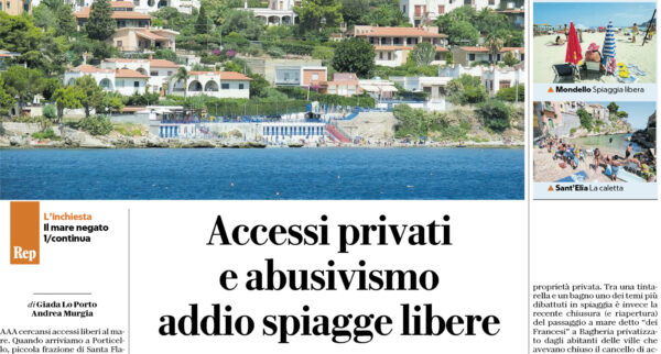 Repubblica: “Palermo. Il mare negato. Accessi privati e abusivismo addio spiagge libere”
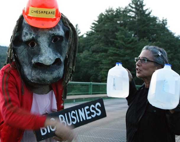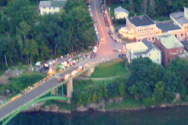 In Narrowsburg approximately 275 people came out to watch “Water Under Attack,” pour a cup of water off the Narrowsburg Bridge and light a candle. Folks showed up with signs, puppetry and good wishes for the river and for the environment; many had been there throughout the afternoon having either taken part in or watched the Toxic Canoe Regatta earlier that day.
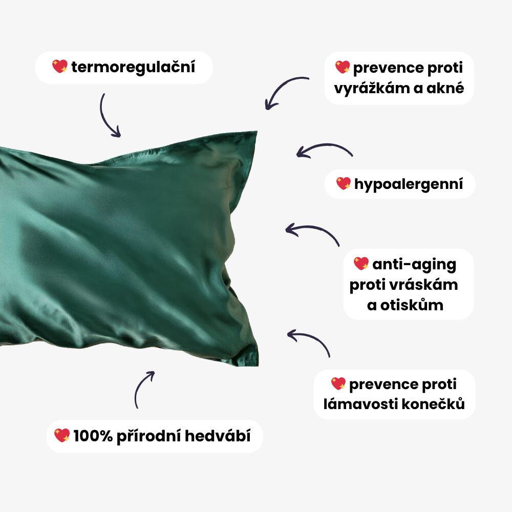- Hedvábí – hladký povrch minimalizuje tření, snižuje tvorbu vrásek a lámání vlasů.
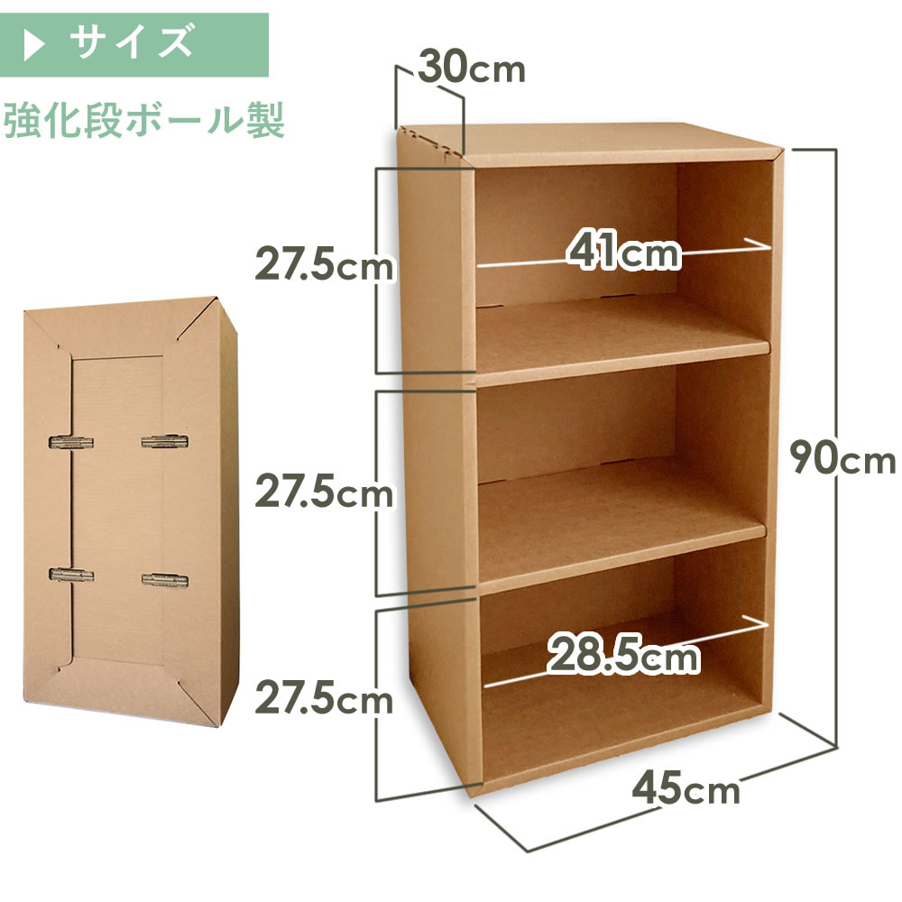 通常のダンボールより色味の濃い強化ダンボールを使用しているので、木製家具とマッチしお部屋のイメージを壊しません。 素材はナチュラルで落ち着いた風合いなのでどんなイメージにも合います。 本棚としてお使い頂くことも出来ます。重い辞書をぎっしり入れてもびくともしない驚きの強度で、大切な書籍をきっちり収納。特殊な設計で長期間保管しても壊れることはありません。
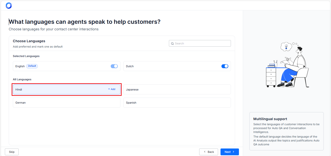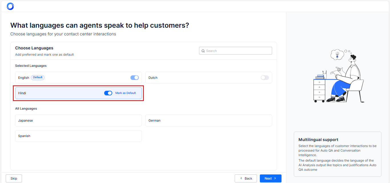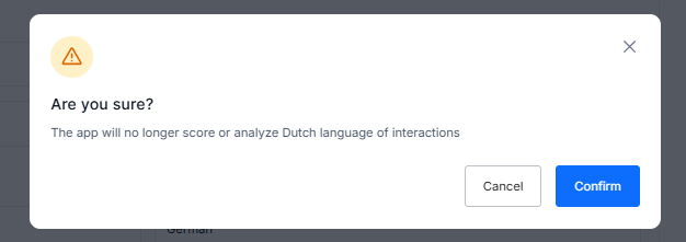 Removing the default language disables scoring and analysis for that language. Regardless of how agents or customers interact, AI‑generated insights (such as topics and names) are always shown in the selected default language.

▬▬▬▬▬▬

▶ _What to work on_
Please keep every line of the data the same when you reproduce it, and keep every picture out.

▶ _Task answer_
 Repubblica: “Palermo. Il mare negato. Accessi privati e abusivismo addio spiagge libere”
 In Narrowsburg approximately 275 people came out to watch “Water Under Attack,” pour a cup of water off the Narrowsburg Bridge and light a candle. Folks showed up with signs, puppetry and good wishes for the river and for the environment; many had been there throughout the afternoon having either taken part in or watched the Toxic Canoe Regatta earlier that day.
- Hedvábí – hladký povrch minimalizuje tření, snižuje tvorbu vrásek a lámání vlasů.
 通常のダンボールより色味の濃い強化ダンボールを使用しているので、木製家具とマッチしお部屋のイメージを壊しません。 素材はナチュラルで落ち着いた風合いなのでどんなイメージにも合います。 本棚としてお使い頂くことも出来ます。重い辞書をぎっしり入れてもびくともしない驚きの強度で、大切な書籍をきっちり収納。特殊な設計で長期間保管しても壊れることはありません。
 Removing the default language disables scoring and analysis for that language. Regardless of how agents or customers interact, AI‑generated insights (such as topics and names) are always shown in the selected default language.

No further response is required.